## WHAT TO PRODUCE
Retype word for word the stretch of entries below from the line that has "이호, 한담, 함덕, 월정" through the line that has "The 2018 Freightliner", and omit the pictures.

## RECORDS PROVIDED
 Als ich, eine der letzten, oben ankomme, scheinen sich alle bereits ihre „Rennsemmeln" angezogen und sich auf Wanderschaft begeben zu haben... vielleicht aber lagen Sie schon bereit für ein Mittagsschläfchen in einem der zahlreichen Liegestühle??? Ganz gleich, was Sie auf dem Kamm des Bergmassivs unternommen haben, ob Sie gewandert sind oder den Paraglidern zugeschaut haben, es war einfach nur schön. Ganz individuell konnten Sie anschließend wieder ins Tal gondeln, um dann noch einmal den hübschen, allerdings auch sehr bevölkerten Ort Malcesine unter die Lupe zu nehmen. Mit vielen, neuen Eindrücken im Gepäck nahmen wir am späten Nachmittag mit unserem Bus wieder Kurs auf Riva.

---

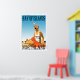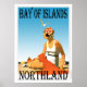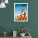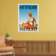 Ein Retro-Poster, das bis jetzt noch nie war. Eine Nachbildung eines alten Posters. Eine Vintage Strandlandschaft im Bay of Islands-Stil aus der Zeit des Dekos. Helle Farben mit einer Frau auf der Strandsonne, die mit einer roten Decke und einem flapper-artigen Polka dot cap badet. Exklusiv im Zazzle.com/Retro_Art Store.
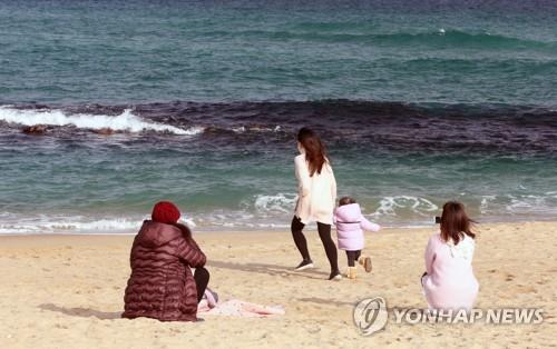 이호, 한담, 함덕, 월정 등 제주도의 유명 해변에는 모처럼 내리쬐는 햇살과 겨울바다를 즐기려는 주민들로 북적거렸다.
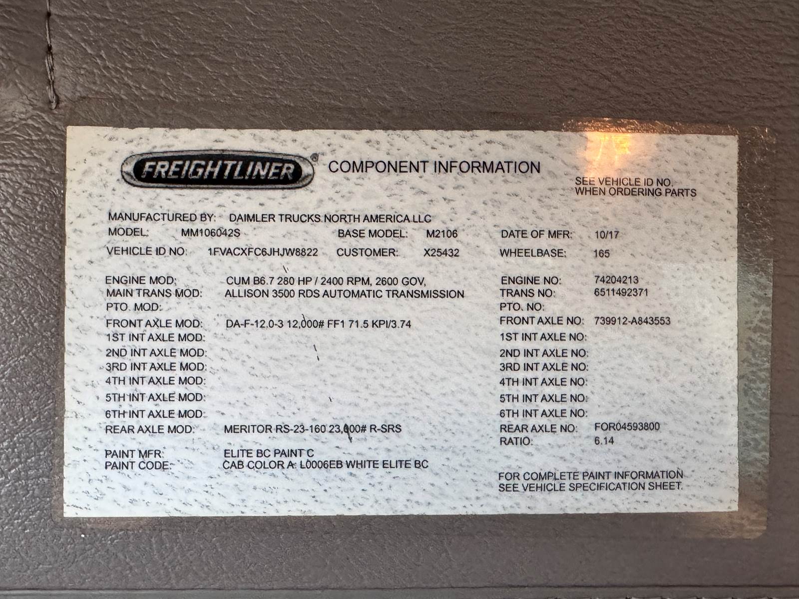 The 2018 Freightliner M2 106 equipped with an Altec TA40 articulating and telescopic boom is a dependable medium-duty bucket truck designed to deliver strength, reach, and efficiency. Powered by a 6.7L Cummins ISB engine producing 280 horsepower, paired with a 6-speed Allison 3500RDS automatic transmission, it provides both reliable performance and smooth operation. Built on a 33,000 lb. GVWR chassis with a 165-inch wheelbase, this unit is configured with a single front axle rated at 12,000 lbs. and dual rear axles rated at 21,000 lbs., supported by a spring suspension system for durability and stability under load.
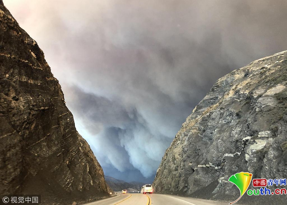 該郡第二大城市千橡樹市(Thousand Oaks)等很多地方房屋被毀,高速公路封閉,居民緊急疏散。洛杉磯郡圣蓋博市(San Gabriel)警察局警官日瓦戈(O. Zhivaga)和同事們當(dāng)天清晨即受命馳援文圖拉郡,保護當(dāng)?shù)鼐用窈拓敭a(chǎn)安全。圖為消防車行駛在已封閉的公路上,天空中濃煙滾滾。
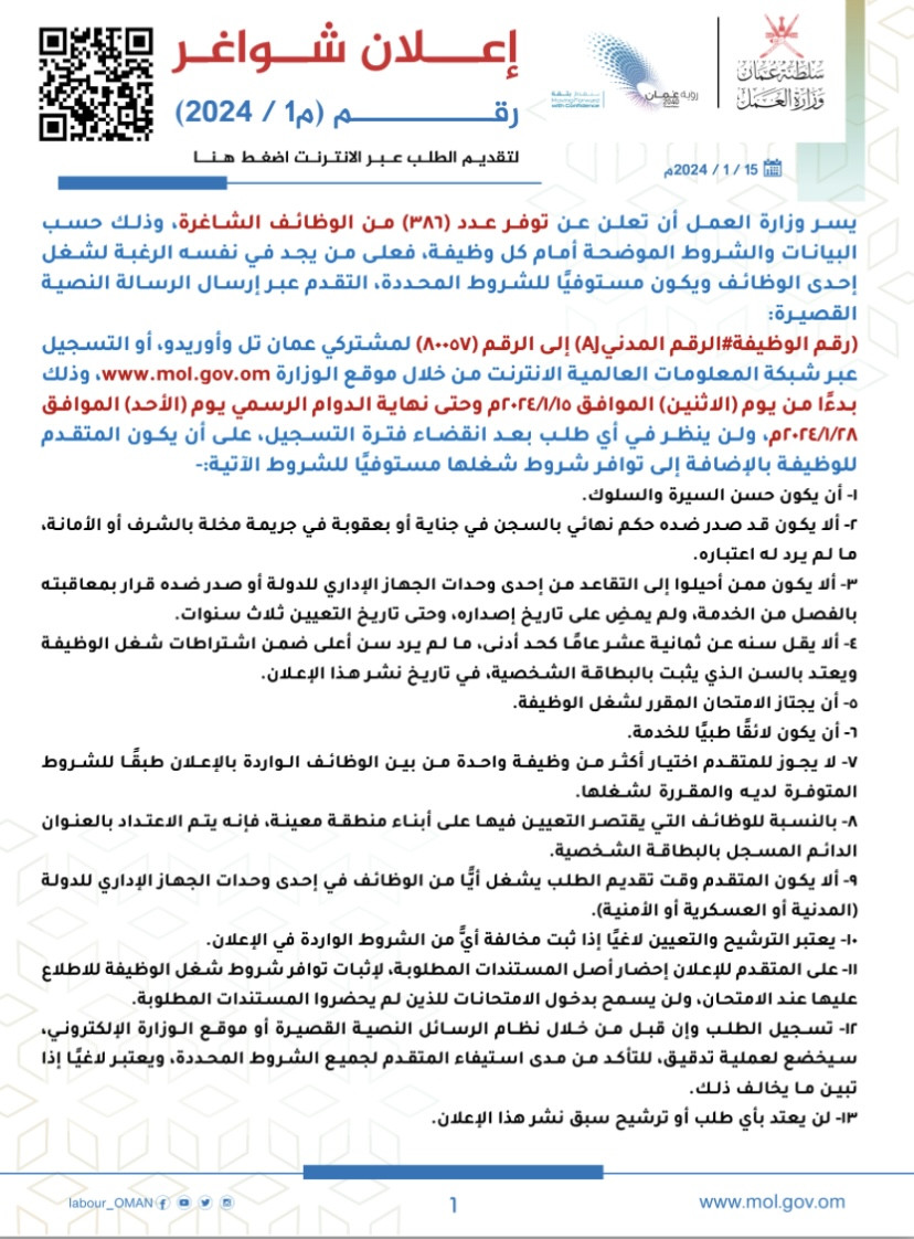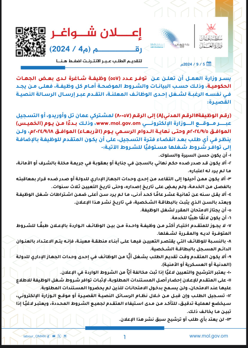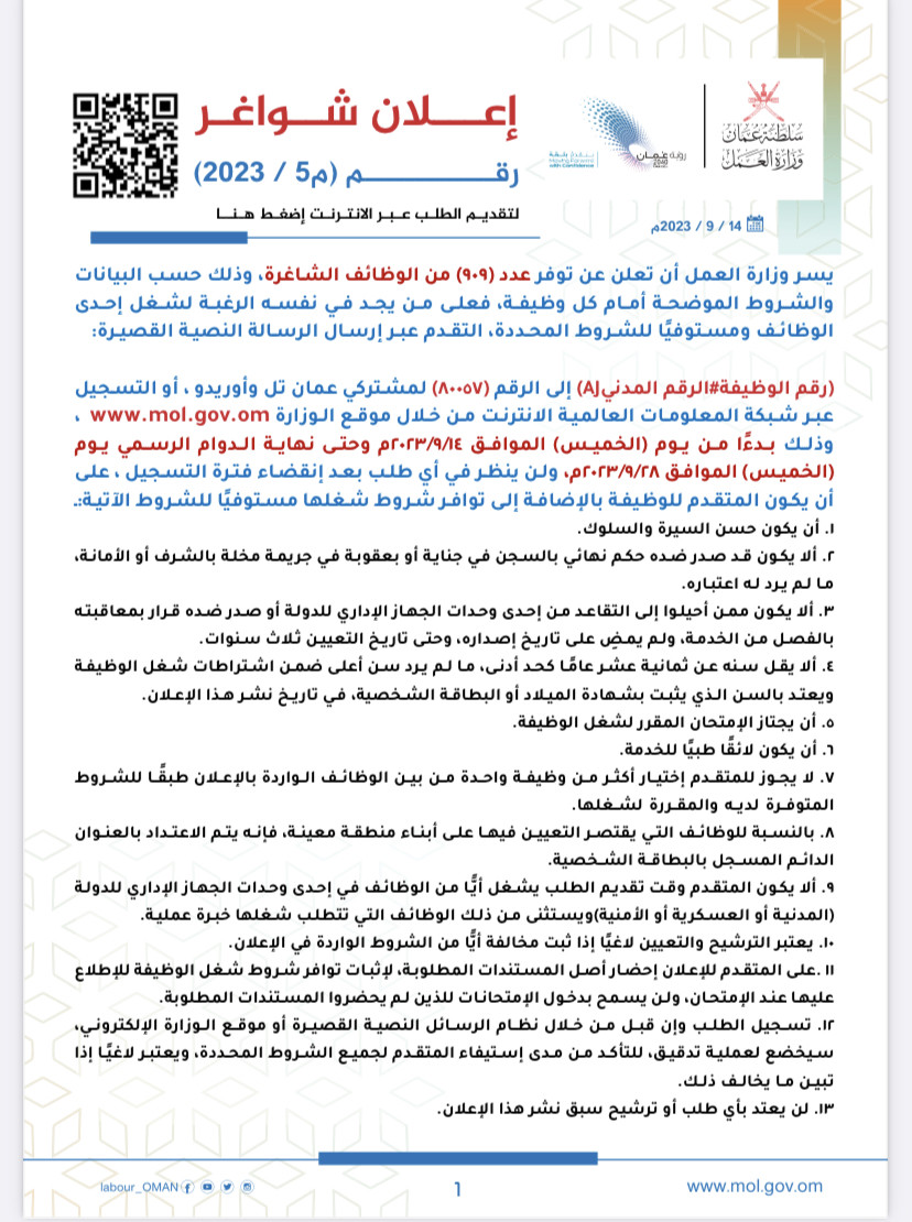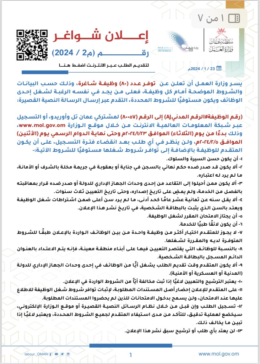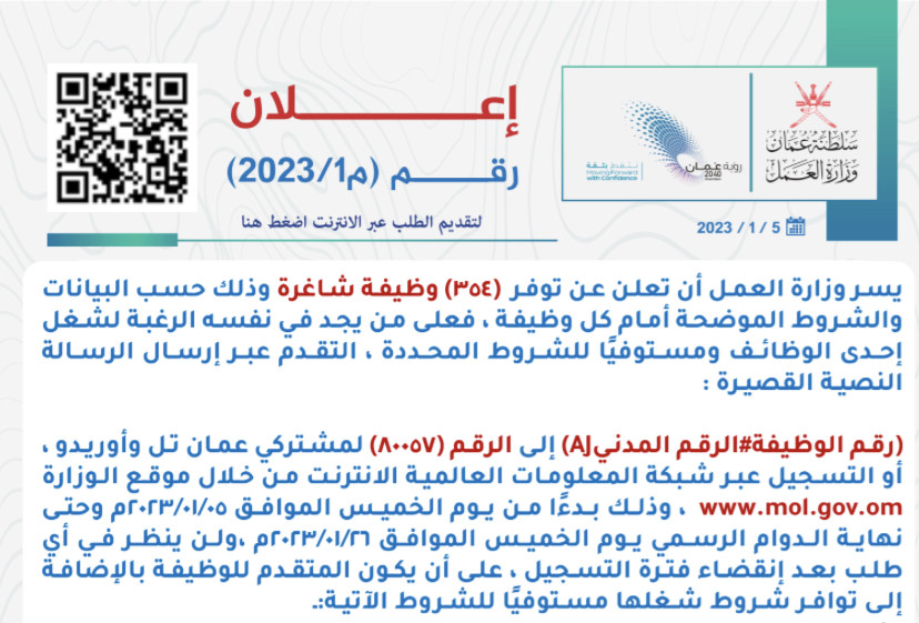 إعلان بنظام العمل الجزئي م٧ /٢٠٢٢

## EXERCISE RESULT
 이호, 한담, 함덕, 월정 등 제주도의 유명 해변에는 모처럼 내리쬐는 햇살과 겨울바다를 즐기려는 주민들로 북적거렸다.
 The 2018 Freightliner M2 106 equipped with an Altec TA40 articulating and telescopic boom is a dependable medium-duty bucket truck designed to deliver strength, reach, and efficiency. Powered by a 6.7L Cummins ISB engine producing 280 horsepower, paired with a 6-speed Allison 3500RDS automatic transmission, it provides both reliable performance and smooth operation. Built on a 33,000 lb. GVWR chassis with a 165-inch wheelbase, this unit is configured with a single front axle rated at 12,000 lbs. and dual rear axles rated at 21,000 lbs., supported by a spring suspension system for durability and stability under load.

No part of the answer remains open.